A once “knucklehead kid” who first arrived at Cosumnes River College intimidated, Torence Powell found his way back to the college that pushed him towards the right path.

Even with a supportive family to go home to each day, Powell had managed to get into trouble as a kid.

“In the 90s, it was pretty bad,” Powell said. “There was a lot of gang violence. I lost three friends to gang violence growing up before I was 18, murdered behind ridiculous stuff.  I got in a fight my first week at Valley High, which is why I had to transfer [schools].”

Now, in slacks and a striped tie,  Powell walks in the VPA office and through the door with a plaque on the right labeled “Dean’s Office.”

Relaxing in his chair, though with his energetic personality clearly evident, Powell continues to describe his journey.

For the new Communication, Visual and Performing Arts dean, now 32 and a graduate of Cailifornia State University, Los Angeles, CRC was an important aid in his path.

“To be encouraged and nurtured by the faculty here was huge and that was one of the catalyst for me coming back here,” Powell said.

A few of the professors that Powell met during his years as a student are now his colleagues.  In particular, photography Professor Jim West seemed to have grasped a connection with him during that time.

“He is one of those kind of guys that will do amazing things in his life,” West said.

And with his new position, Powell will be supporting West and the rest of the faculty under the CVPA department.

“This is very personal to me,” Powell said, making it clear that he understands how much of an entry point community colleges are for many people.

As dean, Powell’s first priority is to continue to support and even enhance some of the campus and community-based projects that communication students engage in.

Greenforce program administrator Lynn Hurtado worked beside Powell, who was previously the director, and shared that he was very dedicated to his job and encouraging.

“He also counseled me on a personal level and has encouraged me to better myself,” Hurtado said.

Powell realizes a large portion of time is dedicated to being a dean, and making accommodations for his other interests is just another transition.

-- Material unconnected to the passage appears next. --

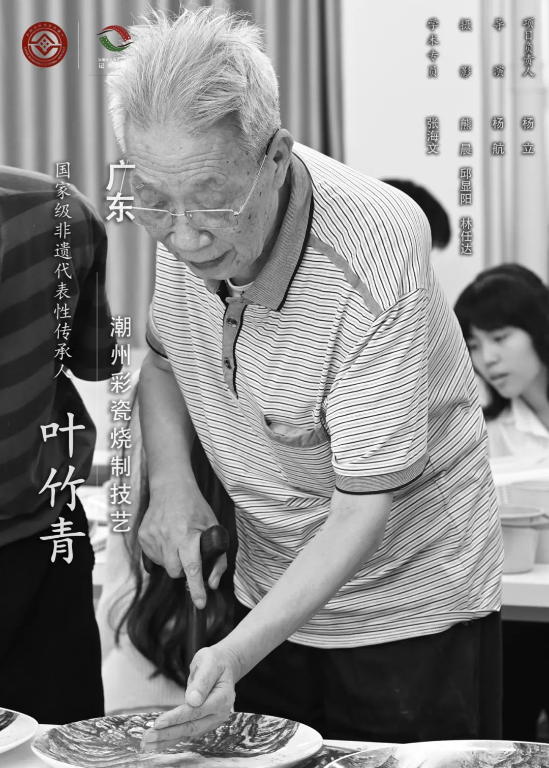叶竹青,1935年出生,男,汉族,广东潮州人,第五批国家级非物质文化遗产代表性传承人,2022年去世。潮州彩瓷烧制技艺运用新彩颜料,结合传统釉上彩绘艺术,运用国画技法,并与潮州民间工艺融合而成。叶竹青自小师从著名陶瓷艺人沈建初先生,1959年进入广东省枫溪陶瓷工业研究所工作,从事陶瓷器皿和装饰设计。其作品以自然、抒情为基调,用工笔新彩形式描绘,着色细致入微,运笔秀逸,注重虚实结合,作品造型装饰疏密有间、轻重有别,富有立体感。他创新了釉上堆彩工艺,引领了潮州彩瓷的新风尚。他主持设计的《友谊》通花瓶作为国礼被赠与朝鲜,《丹凤朝阳》瓷花篮在多个国家和地区展览交流。
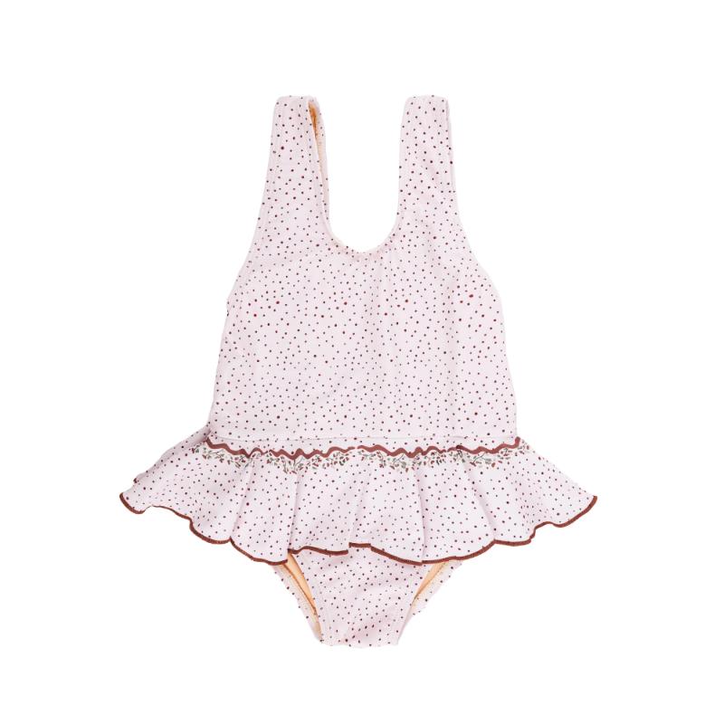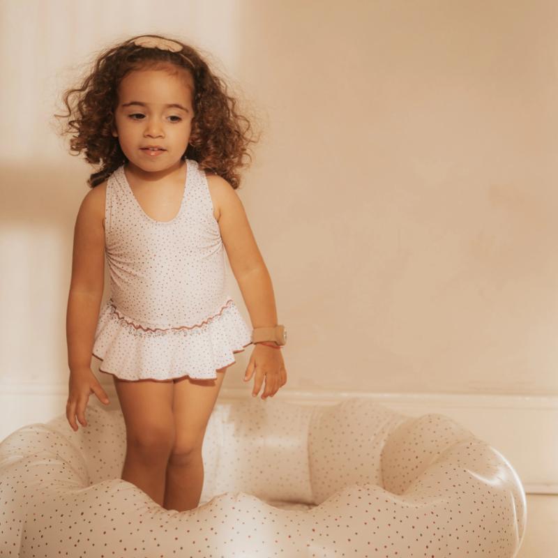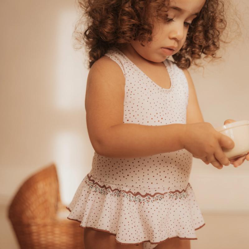 Купальник с юбочкой для комфортного отдыха у воды. Юбка создаёт более закрытый образ, что нравится многим родителям. Удобный крой позволяет свободно двигаться и плавать. Лямки надёжно держатся на плечах весь день. Подкладка обеспечивает комфорт. Быстросохнущая ткань удобна после купания. Весёлый принт в горошек поднимает настроение. Отличный выбор для пляжных каникул.

This year, he is taking a step back from coaching Little League and traveling. Instead, he looks forward to traveling locally with his family and fraternity brothers.

Powell is also taking time to get back into running, currently training with his buddies for the California International in Sacramento. He has yet decided whether to tackle the full marathon, with this being his first.

Powell follows the “work hard, play hard” method,  which is just another piece of motivation he speaks about in a passionate tone.

With all his positive outlooks, in life and at work, Powell knows he will have to face an even harder challenge—more program cuts.

“Not knowing what we have to work with in terms of money is going to be a challenge,” Powell said.